Print the lines from the one containing "T-Lock — знаковая" through the end of the listing below, exactly as written. Any pictures stay out.

### Source material
###
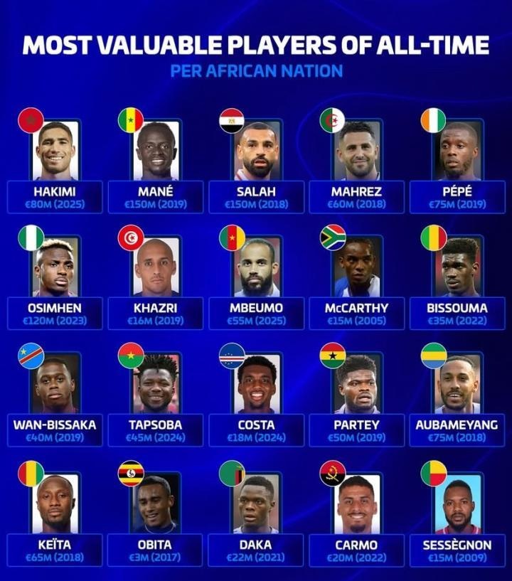 近日,德转盘点了非洲各国球员历史最高身价,每个国家选择身价最高者统计,其中昔日利物浦双子星萨拉赫、马内巅峰身价均达到1.5亿欧元,奥斯梅恩2023年身价达到1.2亿欧元峰值,三人也是仅有的三位非洲亿元先生。
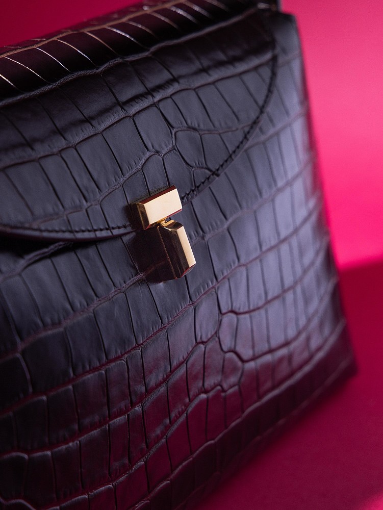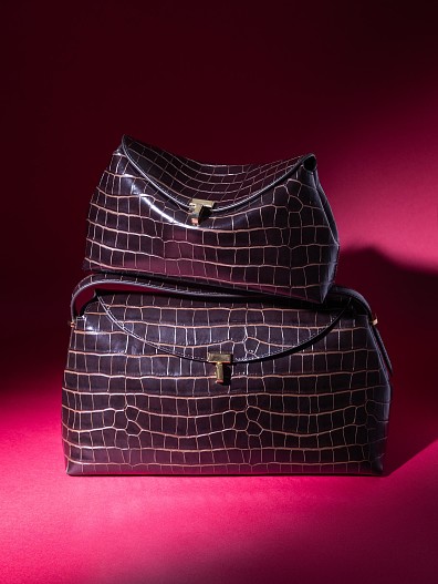T-Lock — знаковая линия сумок TOTEME, названная в честь фирменной поворотной застежки twist clasp и узнаваемая по мягкой скульптурной форме с изогнутым клапаном, который «ложится» под руку. Клатч T-Lock выполнен из тисненой кожи с глянцевым рельефом под аллигатора, за функциональность отвечают дополнительная ручка top-handle и тонкий съемный ремень.
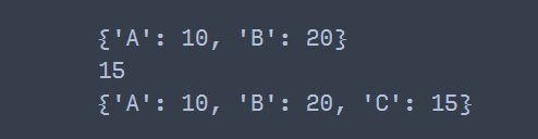 ## 'C'라는 키가 없으므로 새로운 키 'C'가 생성되고 값은 15로 설정되어 이를 반환
###
### Task result
T-Lock — знаковая линия сумок TOTEME, названная в честь фирменной поворотной застежки twist clasp и узнаваемая по мягкой скульптурной форме с изогнутым клапаном, который «ложится» под руку. Клатч T-Lock выполнен из тисненой кожи с глянцевым рельефом под аллигатора, за функциональность отвечают дополнительная ручка top-handle и тонкий съемный ремень.
 ## 'C'라는 키가 없으므로 새로운 키 'C'가 생성되고 값은 15로 설정되어 이를 반환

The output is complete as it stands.